The mountain was, truth be told, more of a hill, but it was tall and a good day’s hike to the top. By evening, both of us were tired as we pitched our tent on the summit. After supper I unrolled my sleeping bag, but Charlotte said, “Time’s too short, Robin. Let’s talk.”
I didn’t know what she meant, but I said, “Okay, let’s talk.”
We talked of me, mostly. We talked of my hopes and dreams, irritations and disappointments. All the words that I’d been storing up for a lifetime came out. We talked though the night and I didn’t even grow sleepy.
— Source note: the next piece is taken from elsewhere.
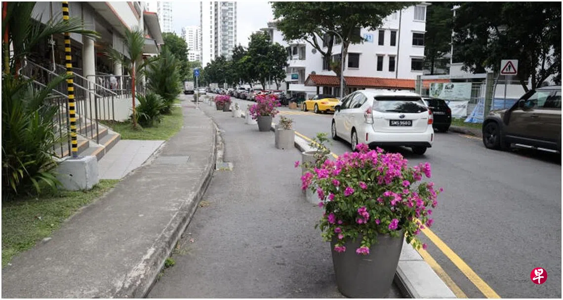 陆路交通管理局自3月开始,展开为期半年的社区绿化试验计划,将英云街、林烈街和成保路的停车位改成人行步道,移来上百盆大小不一的盆栽,打造宽敞的步行和绿色社区空间。

As the first rays of dawn spread over the sky, I asked, “What about you?”
“We’ve already talked about me.”
“Just now.”
“I don’t understand…” Her words from earlier popped into my head. “What did you mean when you said that I’d soon understand you?”
“The time has come for the truth.” No, I thought, I did my best to be a good friend, please, don’t leave me like the others. “Robin, I am you.”
“What? No, you’re Charlotte. You’re nothing like me, really. You look different; you’re bolder, stronger, smarter, and nicer. You can’t be me.”
“I’m the ideal you, I’m everything you would like to be. You invented me because you were lonely and a hard time is coming. You feel it, but you don’t know what it is. I came to give you strength and prepare you. We’ve talked and I have fulfilled my task. You know yourself. Now I must go.”
“No! If a hard time is coming, then I’ll need you more than ever to help me through. You can’t just go.”
“I can’t help you anymore. I am only as strong as you. You must look higher than me, Robin. Look to the One who will never leave you and who can give you the strength for the trials ahead. You must look higher for the Friend you need. Good-bye, Robin.”
Charlotte and all that was hers disappeared, but her last words remained and I obeyed them. For the first time I really looked higher than myself to see if the Creator of my soul had the power to help me. Could I trust Him as a friend? Was He faithful? Did He care? I looked and I found that the answer was always the same. Yes.